Roadwarriors should be able to connect to the OpenVPN server by connecting from the external IP of WANVPN2.

Now I stumbled upon a problem, and that is, that the OpenVPN server starts before the OpenVPN clients had the chance to connect. Thus the server will then receive traffic from WANVPN2, and then attempt to send this traffic out of WAN. Of course it does not reach the client (and if it reach the client, the client will obviously discard it).

Only way to remedy this, is to click 2 times on the green play button on the "OpenVPN server" definition. (restarting the server from the process list in dashboard won't help, only that helps is to disable OpenVPN server and reenable it).


This happens every reboot.

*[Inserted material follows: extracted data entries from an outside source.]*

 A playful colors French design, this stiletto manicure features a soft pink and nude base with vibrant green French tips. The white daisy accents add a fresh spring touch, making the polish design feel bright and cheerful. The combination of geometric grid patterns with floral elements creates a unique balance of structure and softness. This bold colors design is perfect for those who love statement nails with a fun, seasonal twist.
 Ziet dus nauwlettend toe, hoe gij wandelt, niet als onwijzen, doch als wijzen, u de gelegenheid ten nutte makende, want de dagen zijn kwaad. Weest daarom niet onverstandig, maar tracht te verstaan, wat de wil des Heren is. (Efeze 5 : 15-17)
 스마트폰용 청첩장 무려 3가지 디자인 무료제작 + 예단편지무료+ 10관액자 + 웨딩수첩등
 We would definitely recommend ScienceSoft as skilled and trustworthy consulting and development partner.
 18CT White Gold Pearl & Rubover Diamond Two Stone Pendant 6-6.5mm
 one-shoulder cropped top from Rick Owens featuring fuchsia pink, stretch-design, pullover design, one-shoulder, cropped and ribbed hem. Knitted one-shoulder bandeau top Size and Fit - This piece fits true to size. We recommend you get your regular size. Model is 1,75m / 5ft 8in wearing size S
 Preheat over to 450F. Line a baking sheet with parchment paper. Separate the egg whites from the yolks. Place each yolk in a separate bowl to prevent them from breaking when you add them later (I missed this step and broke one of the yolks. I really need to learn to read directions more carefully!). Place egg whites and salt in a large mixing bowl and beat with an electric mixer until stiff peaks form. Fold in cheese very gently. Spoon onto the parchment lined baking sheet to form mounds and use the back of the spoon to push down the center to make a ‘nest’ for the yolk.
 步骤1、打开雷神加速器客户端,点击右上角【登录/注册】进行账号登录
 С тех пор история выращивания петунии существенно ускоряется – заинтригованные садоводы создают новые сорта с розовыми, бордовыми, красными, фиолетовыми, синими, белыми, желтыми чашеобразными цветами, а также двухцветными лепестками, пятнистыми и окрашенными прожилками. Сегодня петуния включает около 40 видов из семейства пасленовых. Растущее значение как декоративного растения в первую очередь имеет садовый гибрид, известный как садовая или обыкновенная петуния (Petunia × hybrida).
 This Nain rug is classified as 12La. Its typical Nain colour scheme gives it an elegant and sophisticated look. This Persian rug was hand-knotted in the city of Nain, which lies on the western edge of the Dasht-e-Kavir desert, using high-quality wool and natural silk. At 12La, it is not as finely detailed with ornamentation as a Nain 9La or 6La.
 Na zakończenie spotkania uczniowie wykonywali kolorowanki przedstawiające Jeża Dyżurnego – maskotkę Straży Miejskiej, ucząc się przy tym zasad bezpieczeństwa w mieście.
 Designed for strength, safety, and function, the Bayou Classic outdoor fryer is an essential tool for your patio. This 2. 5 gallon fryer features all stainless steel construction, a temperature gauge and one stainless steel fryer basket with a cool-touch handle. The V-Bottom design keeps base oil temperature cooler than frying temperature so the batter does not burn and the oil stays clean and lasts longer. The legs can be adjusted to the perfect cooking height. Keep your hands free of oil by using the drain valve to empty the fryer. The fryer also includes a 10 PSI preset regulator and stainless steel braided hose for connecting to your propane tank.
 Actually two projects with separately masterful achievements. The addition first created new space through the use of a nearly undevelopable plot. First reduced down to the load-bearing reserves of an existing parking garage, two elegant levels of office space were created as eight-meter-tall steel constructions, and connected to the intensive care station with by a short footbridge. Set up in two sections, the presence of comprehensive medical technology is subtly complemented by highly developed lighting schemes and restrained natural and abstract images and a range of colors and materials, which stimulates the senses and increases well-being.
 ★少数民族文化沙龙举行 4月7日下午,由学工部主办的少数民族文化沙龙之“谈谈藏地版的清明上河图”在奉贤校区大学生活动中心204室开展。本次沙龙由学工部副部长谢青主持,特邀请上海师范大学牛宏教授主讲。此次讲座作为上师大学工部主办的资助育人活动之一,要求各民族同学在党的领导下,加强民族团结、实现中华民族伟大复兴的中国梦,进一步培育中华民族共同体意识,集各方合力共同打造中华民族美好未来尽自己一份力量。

Otherwise its totally fine.


I have a solution, and that is to add a floating rule, that will force any UDP-traffic from the firewall itself, with a source port of 1194, to exit through the WANVPN2 interface.
But even after adding a floating rule, with "quick matching" added, I get the following in the log:

@96 pass out log all flags S/SA keep state allow-opts label "let out anything from the firewall host itself"

Which means a inbuilt rule triggers. Any way to override this rule and tell the firewall that any "firewall:1194" packets should be treated differently?